Riptide GP: Renegade – Aquaman Kart (PS4/XB1/PC/iOS/Switch)

No game has any right being this fun, let alone a kart racer wearing nostalgia glasses, but Riptide GP: Renegade goes ahead and destroys that law. Vector Unit’s blast to the past manages to stay effective in this day and age, and even manages to improve on a few design choices that existed in previous kart racers at the time.

The story is cheesy and nostalgic, and the gameplay is simplistic, along with being an unbelievable amount of joy with every race. The tricks are magnificently animated, the music gets you pumped, the tracks are designed to near perfection, and the set pieces aren’t incredibly intrusive into natural gameplay.
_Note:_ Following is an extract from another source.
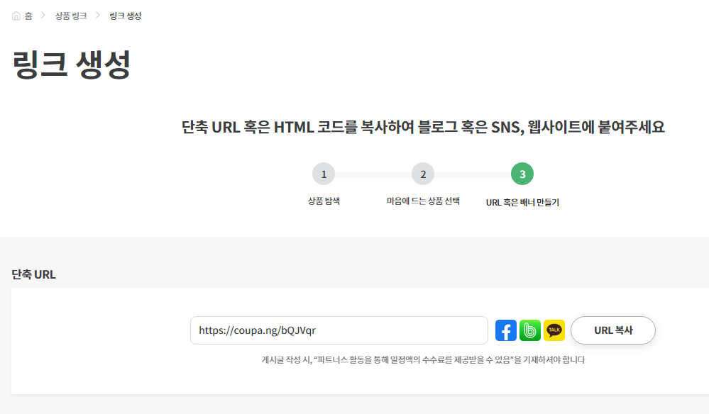 아래는 쿠팡파트너스의 단축 url인데, url복사를 눌러준다..
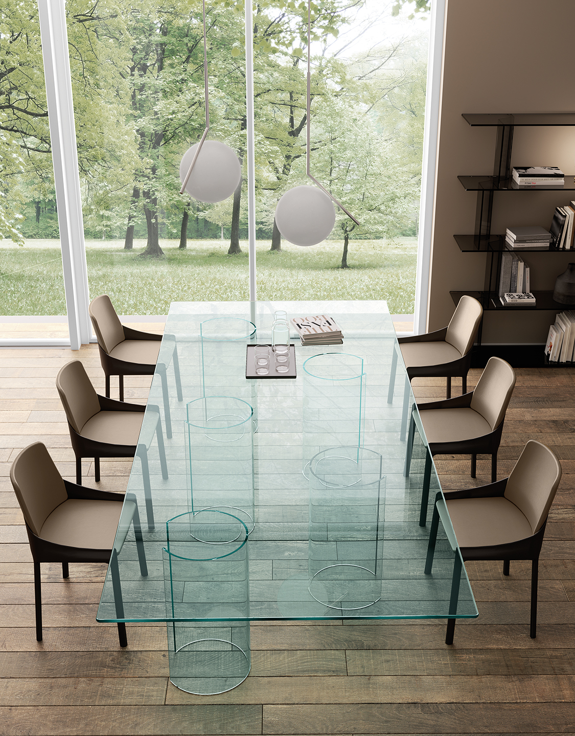 Обідній стіл із шаруватою скляною стільницею блискучим полірованим обідком товщиною 8 + 8 мм, у копченому або бронзовому склі, також доступний у прозорому склі або надлегкому склі. Вигнута скляна основа товщиною 10 мм, що складається з 2, 3 або 4 циліндрів (Ø 40 см) залежно від розміру та форми, що вимагається. Основи доступні в копченому склі, бронзовому склі, прозорому склі або надсвітлому склі. Також доступний з вершинами під замовлення.Характеристики

Grab 3 or 4 mates and just have fun, dammit.


Blackwood Crossing – Movin’ on Up (PS4/XB1/PC)

No game this year has come out rougher than Blackwood Crossing, for real.

A disgustingly slow pace, with no sprint button, an unbelievably annoying brat pestering you all game, and visual themes and symbolism that can make it ultimately come off as pretentious and lifeless. On the surface, it was doomed to failure, but despite all those handicaps, Blackwood and its developer, PaperSeven, managed to come out on top and make a heartbreaking 2 hour adventure.

The child acting is actually well done, the presence of surreal horror is effective, and the visual themes, while predominantly handled with grade-school symbolism, do enough to make an emotion or feeling from it all. It’s a walking simulator like everything else, but leaves you with the same feelings objectively better walking sims do.


Flinthook – Saturday Morning Cartoons (PS4/XB1/PC)

There’s something inherently childish about Flinthook. There’s a kids movie feel to it, like Hook mixed with the Han Solo side of Star Wars, Tribute Games’ laid back approach to the rouge-like genre makes Flinthook an incredible charmer, right out of the gate. What also makes Flinthook work, is it’s amazingly beautiful and detailed pixel art.

While the brightness is jacked up to 11 in the gameplay, the amount of detail and density to environments and animation is incredible, and even if you don’t like the gameplay of it, you can still say “well, the dame looked damn good doin’ it!” Thankfully, the general consensus is that Flinthook kicks ass, from the looks to the punches.